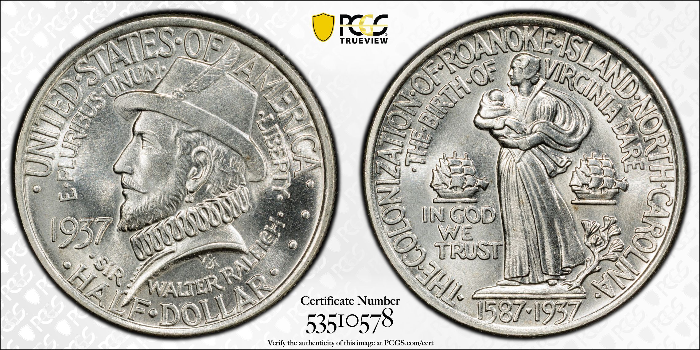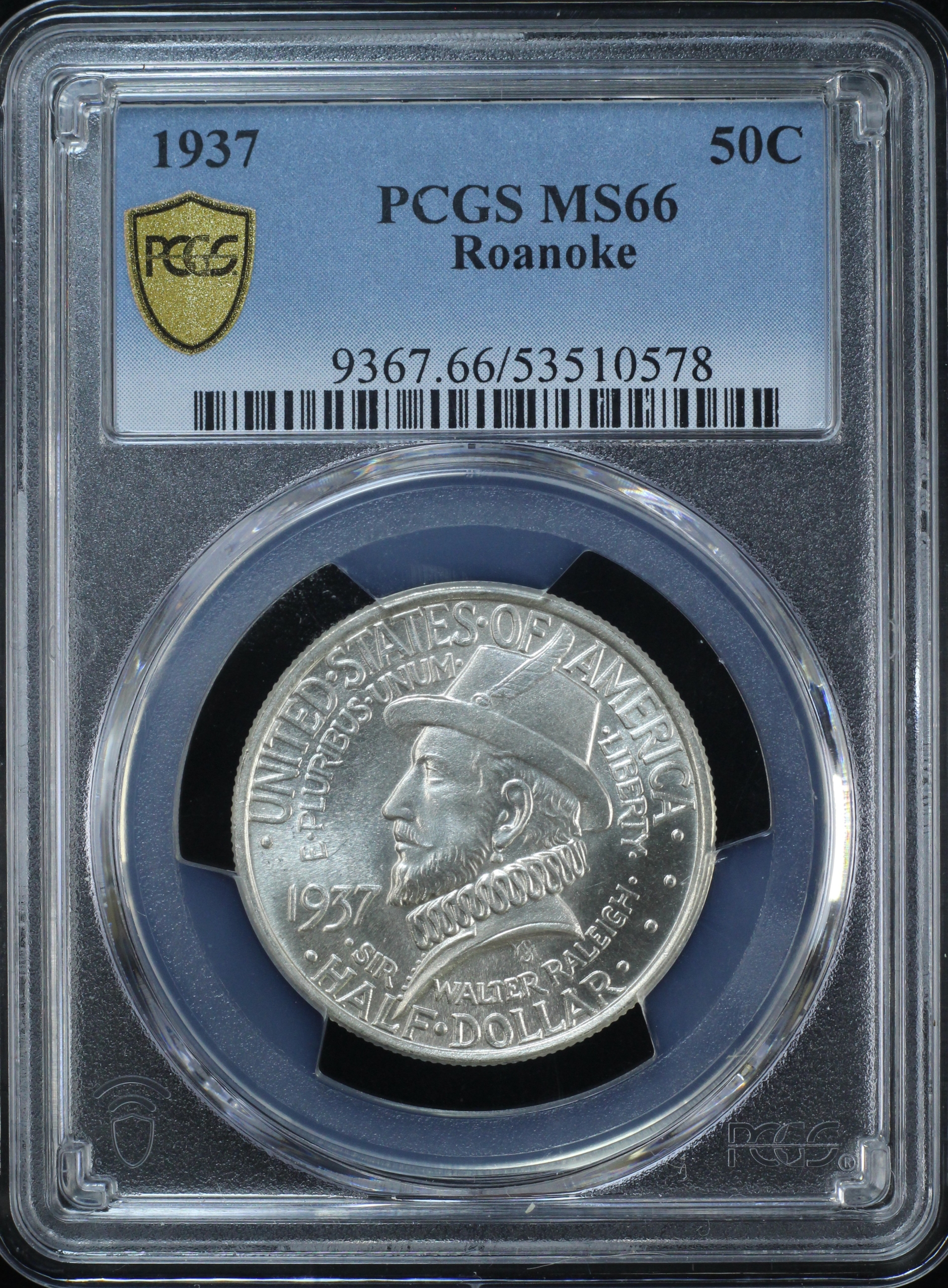 1937 ROANOKE CLASSIC COMMEMORATIVE HALF DOLLAR 50C PCGS MS66 (PQ154)
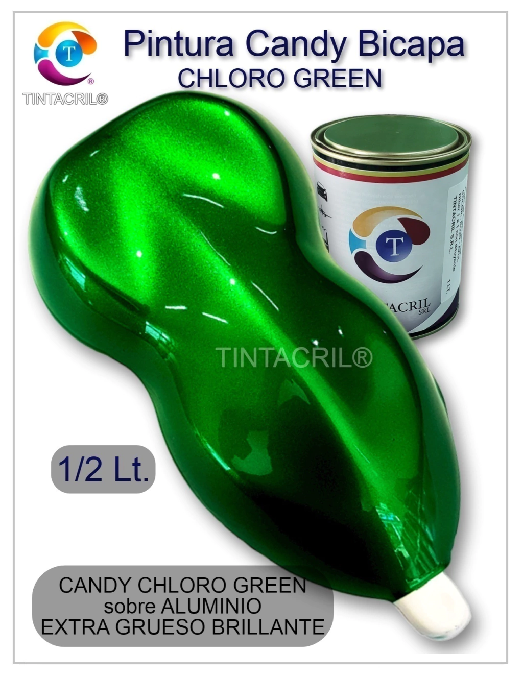Los Colores Candy Bicapa TINTACRIL® se fabrican con los tintes más intensos y de mejor calidad disponibles para proporcionar colores claros y nítidos como ningún otro. Los Colores Candy Bicapa son limpios, transparentes, brillantes, vibrantes y estables a los rayos UV. ESTÁN ESPECIALMENTE FORMULADOS PARA SU APLICACIÓN SOBRE PINTURAS COLOR ALUMINIO, COLORES PERLADOS, COLORES CLAROS, MADERAS, ETC., Y SOBRE TODO, LO QUE SU CREATIVIDAD LE SGUIERA YA QUE SU LIMPIA TRANSPARENCIA, SIEMPRE DEJARÁ VER LA PINTURA BASE Ó EL SUSTRATO DONDE SE APLICAN. Con su imaginación, podrá lograr opciones y efectos de color ilimitados, mezclándolos entre sí desde un 5% a un 50%. Nota: Todos los Colores Candy Bicapa están especialmente formulados para ser aplicados entre 2 – 3 manos para reproducir el tono que se muestra en la galería de imágenes de nuestra web
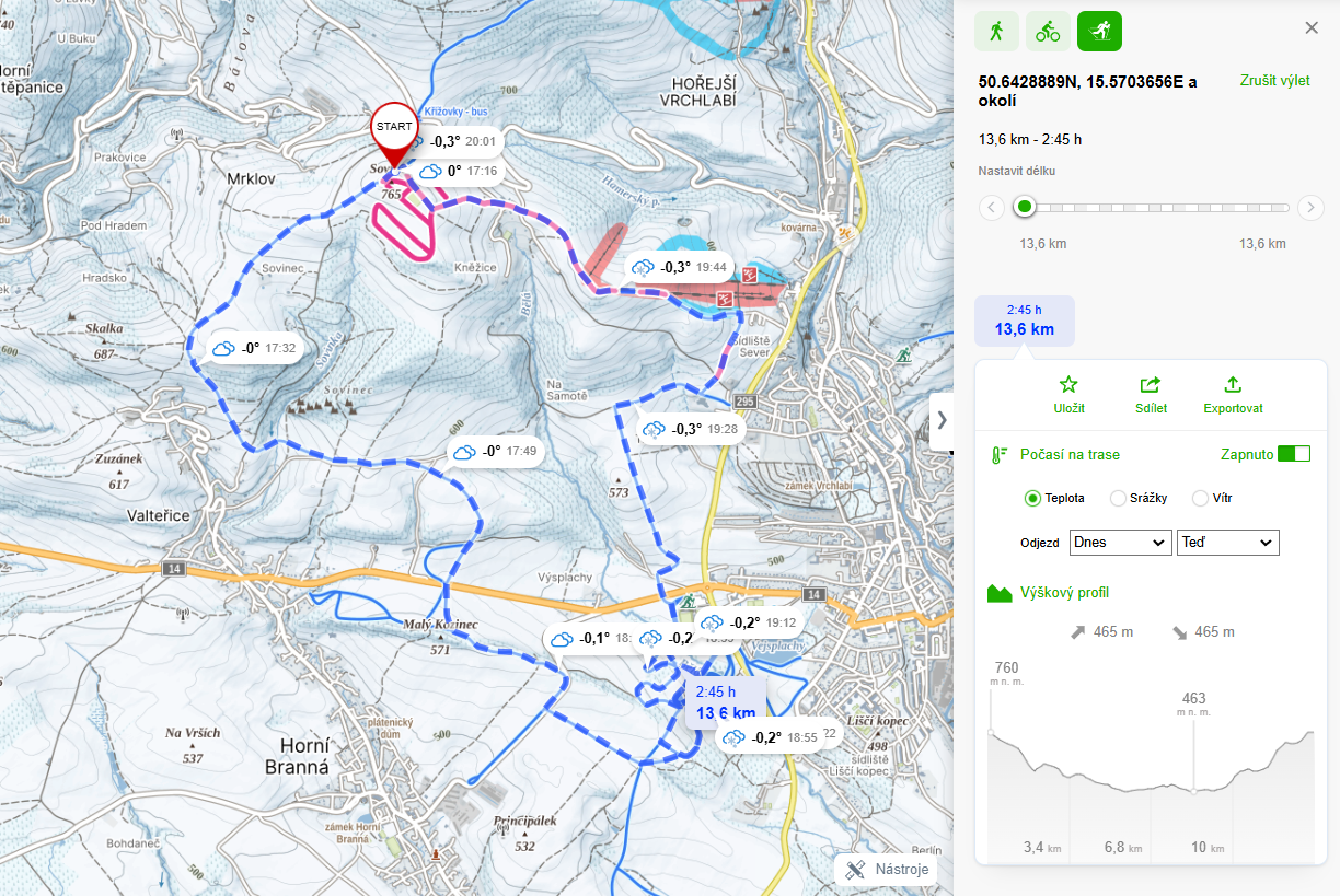 3. Plánování výletů na běžkách – Naplánujte si ideální okruh podle délky, obtížnosti nebo preferované oblasti.
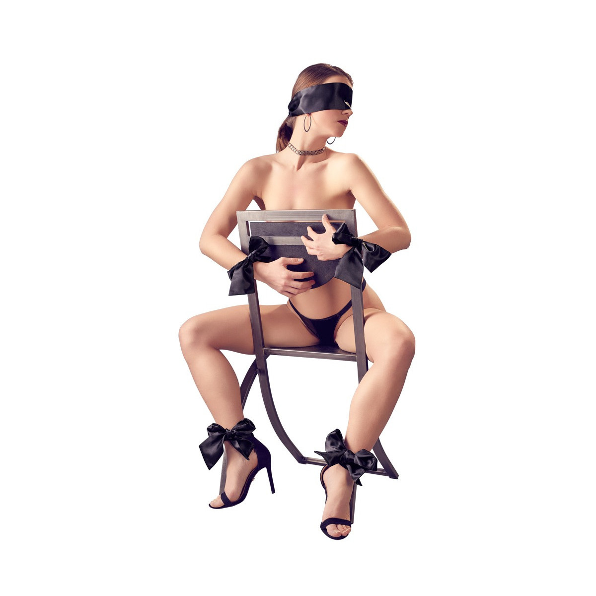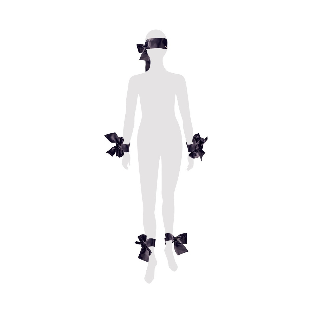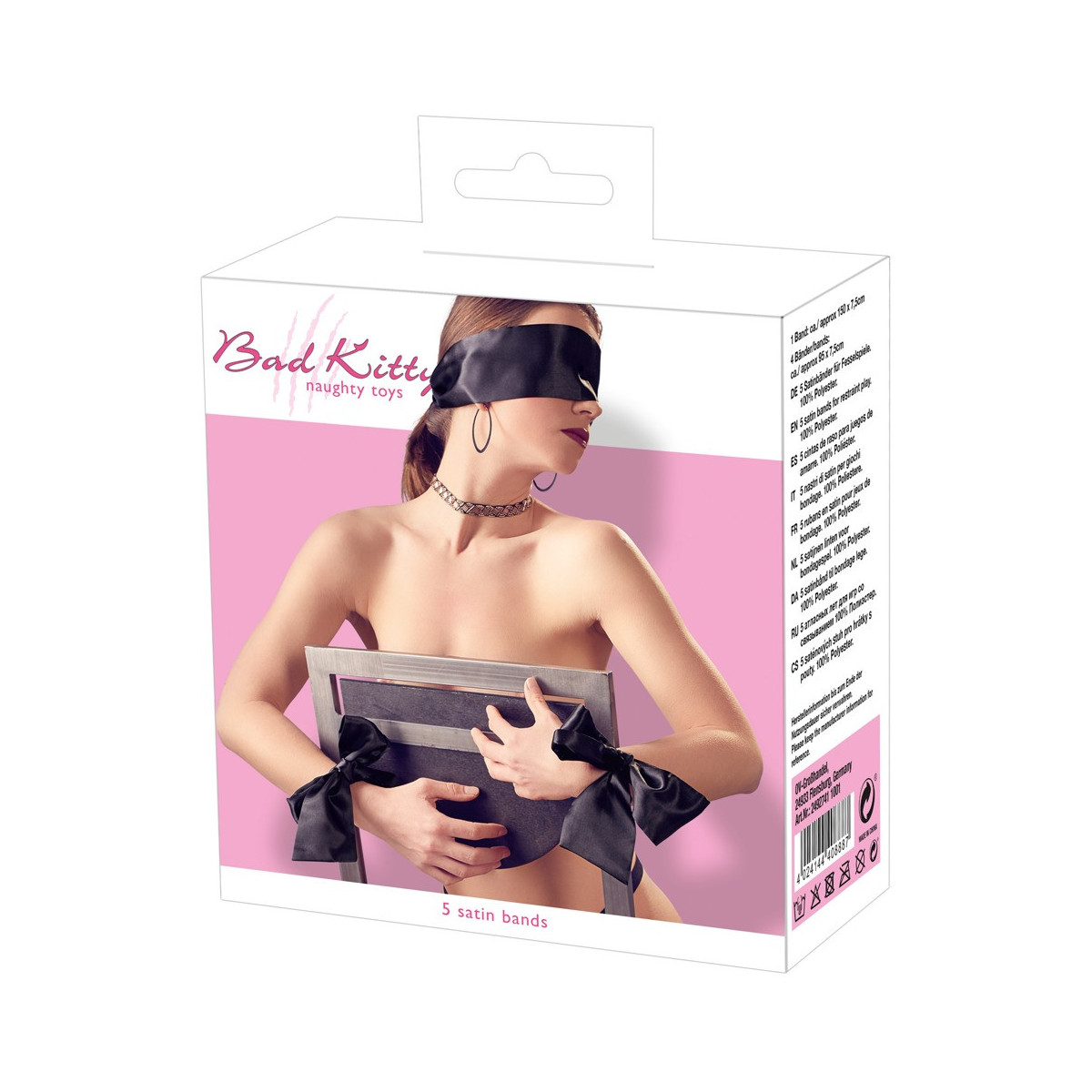 Set di 5 nastri di raso in 5 pezzi con 1 nastro più lungo per la testa e 4 nastri più corti per legare mani e piedi. Realizzato in tessuto lucido, cucito in due strati e con estremità leggermente smussate. Ideale per giochi sensuali di bondage.
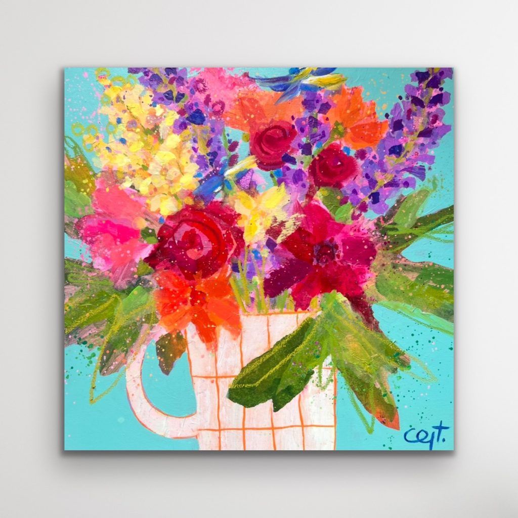 “I have a very emotional connection to the landscape & light around the Pentland hills near to where I live. My aim is to convey those feelings I have in a place by playing with bold colours, layers & texture. I start spontaneously at first, never having an end goal in mind, I work from my memories & feelings to try & offer a sense of place. I begin creating drips & energetic brush strokes which I then build upon through glazes, which can be sanded back & built upon again with thicker paint using my palette knife. Each new layer adds depth, but also shows glimpses of what came before underneath. I like to play with unexpected colours, luminous oranges & pinks & gold leaf to get a real sense of light within a piece”
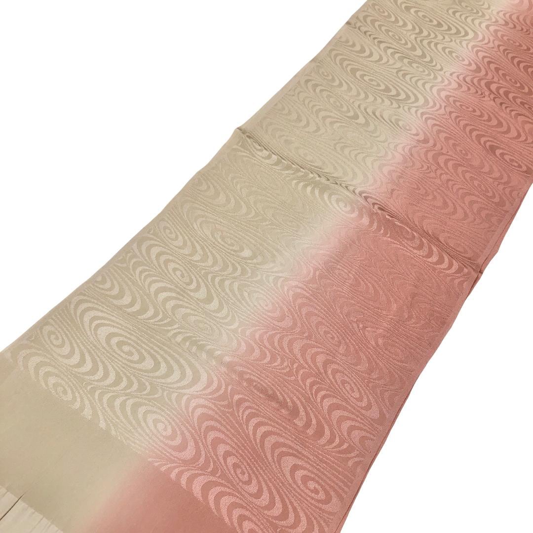 水柿色ベースの染分けのお色味に観世水がデザインされた素敵なお品でございます。
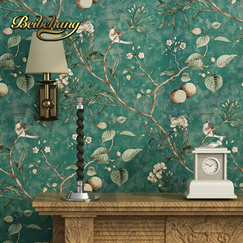 Beibehang Wall Paper Pune Dark Blue Retro Flower Wallpaper
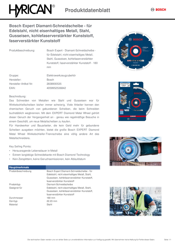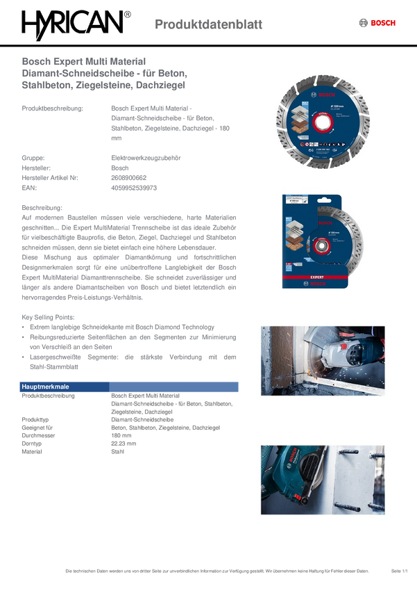 Bosch Accessories 2608900662 EXPERT MultiMaterial Tarcza tnąca diamentowa Średnica 180 mm Średnica otworu 22.23 mm kamie
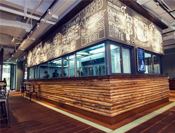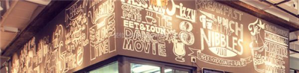 廚房上部采用了黑板粉筆字的創意,畫手架著梯子在黑色墻壁上作畫,粉筆畫部分可以反復擦寫,根據餐廳不同時段不同主題,更換內容。
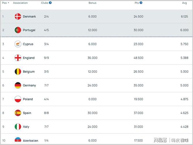 有趣的是,根据欧足联官网最新的积分榜,西甲和意甲的单赛季积分暂时只有4分多,比德甲(5.000分)要低一些,这是合理的。但是保持不败的德甲,比输了两场的英超(5.388分)还要低,似乎有点难以理解。

| ACTION ITEM |
Could the lines from the top of the material through the line with "Set di 5 nastri" be repeated exactly, pictures left out?

| EXERCISE ANSWER |
 1937 ROANOKE CLASSIC COMMEMORATIVE HALF DOLLAR 50C PCGS MS66 (PQ154)
Los Colores Candy Bicapa TINTACRIL® se fabrican con los tintes más intensos y de mejor calidad disponibles para proporcionar colores claros y nítidos como ningún otro. Los Colores Candy Bicapa son limpios, transparentes, brillantes, vibrantes y estables a los rayos UV. ESTÁN ESPECIALMENTE FORMULADOS PARA SU APLICACIÓN SOBRE PINTURAS COLOR ALUMINIO, COLORES PERLADOS, COLORES CLAROS, MADERAS, ETC., Y SOBRE TODO, LO QUE SU CREATIVIDAD LE SGUIERA YA QUE SU LIMPIA TRANSPARENCIA, SIEMPRE DEJARÁ VER LA PINTURA BASE Ó EL SUSTRATO DONDE SE APLICAN. Con su imaginación, podrá lograr opciones y efectos de color ilimitados, mezclándolos entre sí desde un 5% a un 50%. Nota: Todos los Colores Candy Bicapa están especialmente formulados para ser aplicados entre 2 – 3 manos para reproducir el tono que se muestra en la galería de imágenes de nuestra web
 3. Plánování výletů na běžkách – Naplánujte si ideální okruh podle délky, obtížnosti nebo preferované oblasti.
 Set di 5 nastri di raso in 5 pezzi con 1 nastro più lungo per la testa e 4 nastri più corti per legare mani e piedi. Realizzato in tessuto lucido, cucito in due strati e con estremità leggermente smussate. Ideale per giochi sensuali di bondage.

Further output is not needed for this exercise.